**Work task**
For the material below, reproduce exactly each line from the one that has "Tá na treoirlínte sábháilteachta" through the one that has "- อาคาร C กับอาคาร D มีระยะห่าง 25 เมตร", and no others; pictures stay out.

**Data extract**
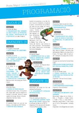 A les 22 h MAJoR de CAssà. Lliga de Càs- Mesures, plaça Petita, c. Mel, plaça final hi haurà xocolatada amb me- Recorregut: c. de les Agudes (alça-
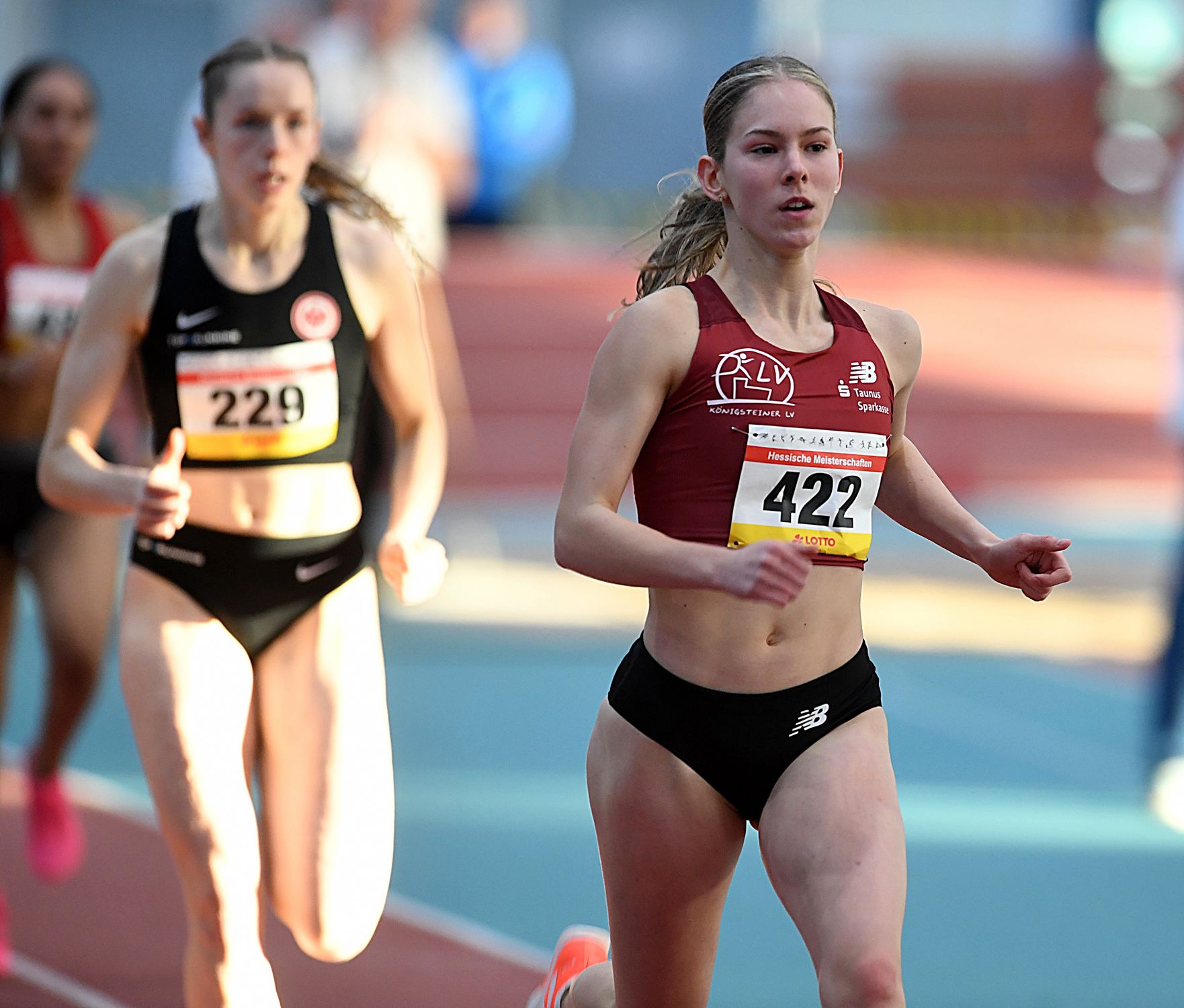 Sarah Köcher (KLV/noch U20) finishte im B-Lauf mit 4:31,49 Minuten knapp vor Emma Graf (auch KLV/4:31,66 min.). Für Svea Regina (TVW/U23) und Hannah Lösel (Eint. Ffm./U20) zeigte die Stoppuhr 4:42,53 bzw. 4:55,95 min. an.
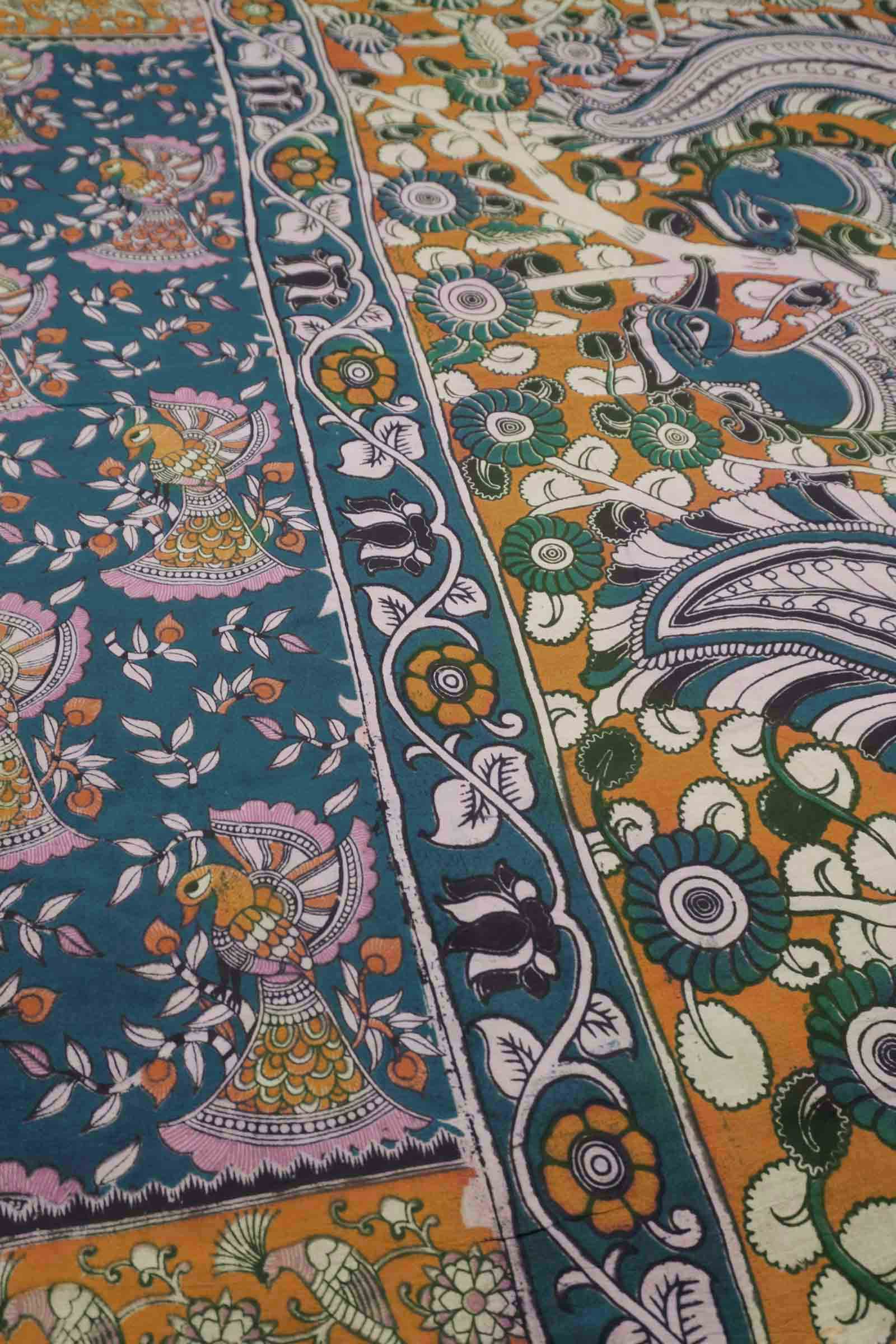 Blue Kalamkari Pure Cotton Floral Dancing Peacock Saree
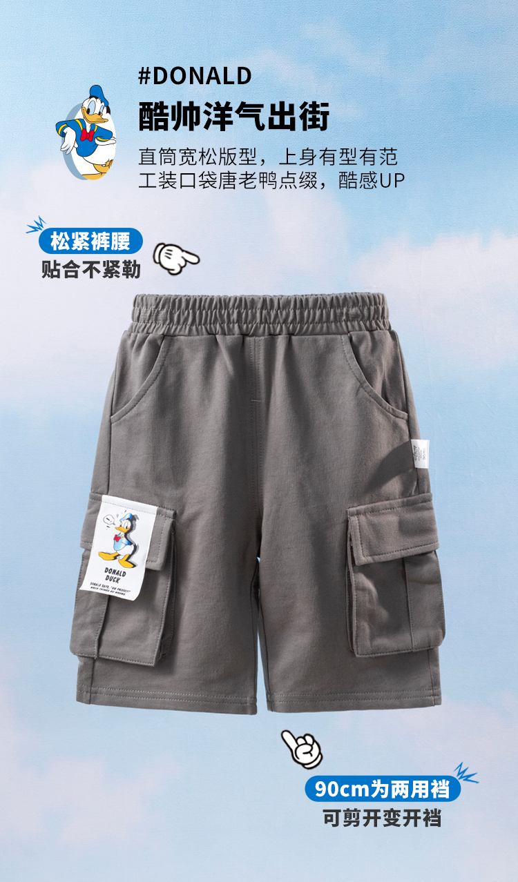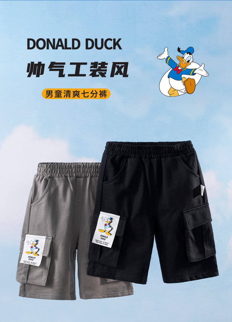 【商场同款】迪士尼童装男童帅气工装风七分裤夏季清爽中大童宝唐老鸭纯棉短裤
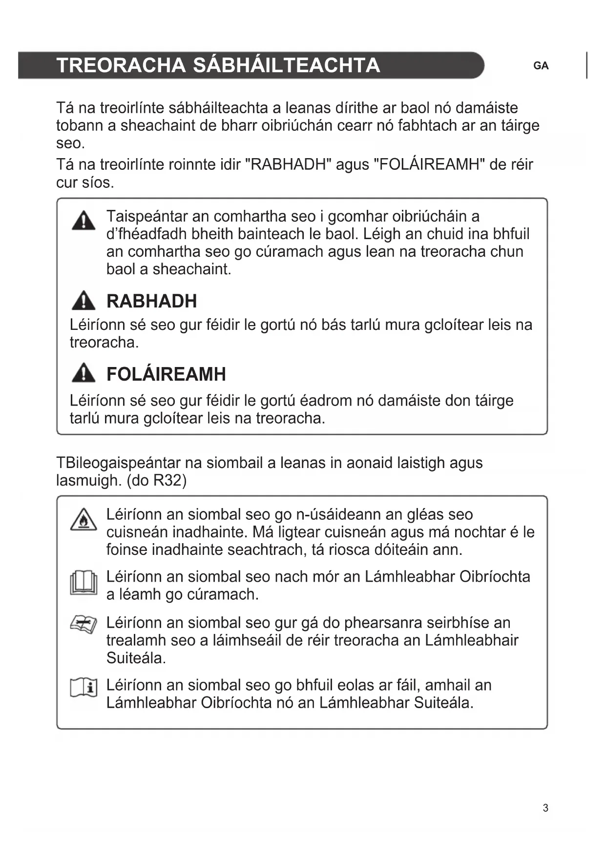 Tá na treoirlínte sábháilteachta a leanas dírithe ar baol nó damáiste tobann a sheachaint de bharr oibriúchán cearr nó fabhtach ar an táirge seo. Tá na treoirlínte roinnte idir "RABHADH" agus "FOLÁIREAMH" de réir cur síos. Taispeántar an comhartha seo i gcomhar oibriúcháin a d’fhéadfadh bheith bainteach le baol. Léigh an chuid ina bhfuil an comhartha seo go cúramach agus lean na treoracha chun baol a sheachaint. RABHADH Léiríonn sé seo gur féidir le gortú nó bás tarlú mura gcloítear leis na treoracha. FOLÁIREAMH Léiríonn sé seo gur féidir le gortú éadrom nó damáiste don táirge tarlú mura gcloítear leis na treoracha. TBileogaispeántar na siombail a leanas in aonaid laistigh agus lasmuigh. (do R32) Léiríonn an siombal seo go n-úsáideann an gléas seo cuisneán inadhainte. Má ligtear cuisneán agus má nochtar é le foinse inadhainte seachtrach, tá riosca dóiteáin ann. Léiríonn an siombal seo nach mór an Lámhleabhar Oibríochta a léamh go cúramach. Léiríonn an siombal seo gur gá do phearsanra seirbhíse an trealamh seo a láimhseáil de réir treoracha an Lámhleabhair Suiteála. Léiríonn an siombal seo go bhfuil eolas ar fáil, amhail an Lámhleabhar Oibríochta nó an Lámhleabhar Suiteála.4
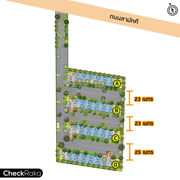 - อาคาร C กับอาคาร D มีระยะห่าง 25 เมตร
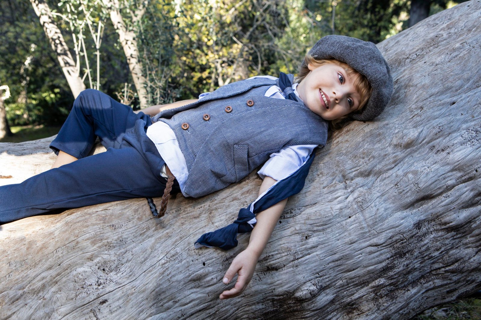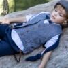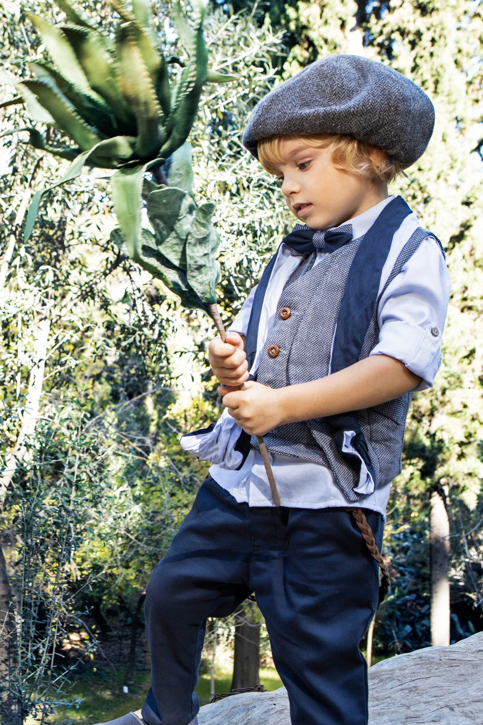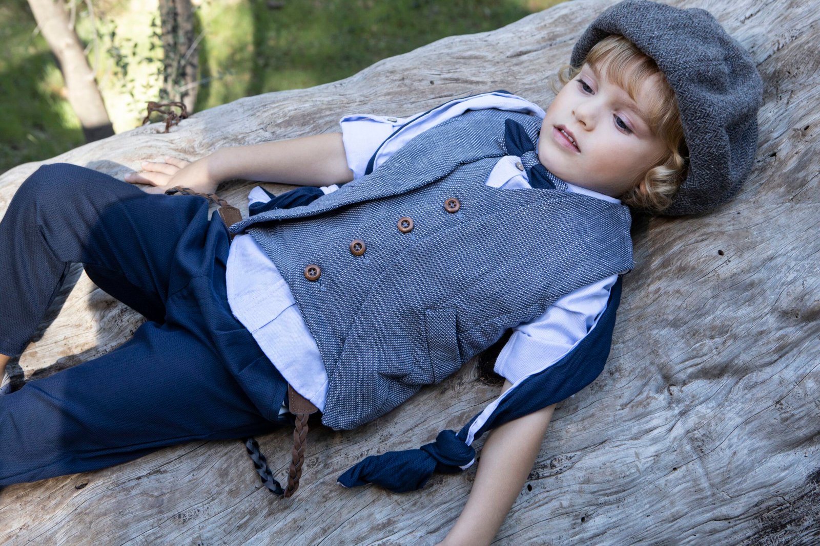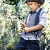 Σέτ βάπτισης σε αποχρώσεις μπλε- σιέλ. Το σετ περιλαμβάνει γιλέκο μπλε με ιδιαίτερο σχέδιο , πουκάμισο oxford σε σιέλ απόχρωση και παντελόνι μπλε καμπαρτίνα με ανάγλυφη υφή ,τιράντες , υφασμάτινο παπιγιόν ,δίχρωμο φουλάρι και ψάθινο καπέλο ή μπερές.

**Answer for this exercise**
 Tá na treoirlínte sábháilteachta a leanas dírithe ar baol nó damáiste tobann a sheachaint de bharr oibriúchán cearr nó fabhtach ar an táirge seo. Tá na treoirlínte roinnte idir "RABHADH" agus "FOLÁIREAMH" de réir cur síos. Taispeántar an comhartha seo i gcomhar oibriúcháin a d’fhéadfadh bheith bainteach le baol. Léigh an chuid ina bhfuil an comhartha seo go cúramach agus lean na treoracha chun baol a sheachaint. RABHADH Léiríonn sé seo gur féidir le gortú nó bás tarlú mura gcloítear leis na treoracha. FOLÁIREAMH Léiríonn sé seo gur féidir le gortú éadrom nó damáiste don táirge tarlú mura gcloítear leis na treoracha. TBileogaispeántar na siombail a leanas in aonaid laistigh agus lasmuigh. (do R32) Léiríonn an siombal seo go n-úsáideann an gléas seo cuisneán inadhainte. Má ligtear cuisneán agus má nochtar é le foinse inadhainte seachtrach, tá riosca dóiteáin ann. Léiríonn an siombal seo nach mór an Lámhleabhar Oibríochta a léamh go cúramach. Léiríonn an siombal seo gur gá do phearsanra seirbhíse an trealamh seo a láimhseáil de réir treoracha an Lámhleabhair Suiteála. Léiríonn an siombal seo go bhfuil eolas ar fáil, amhail an Lámhleabhar Oibríochta nó an Lámhleabhar Suiteála.4
 - อาคาร C กับอาคาร D มีระยะห่าง 25 เมตร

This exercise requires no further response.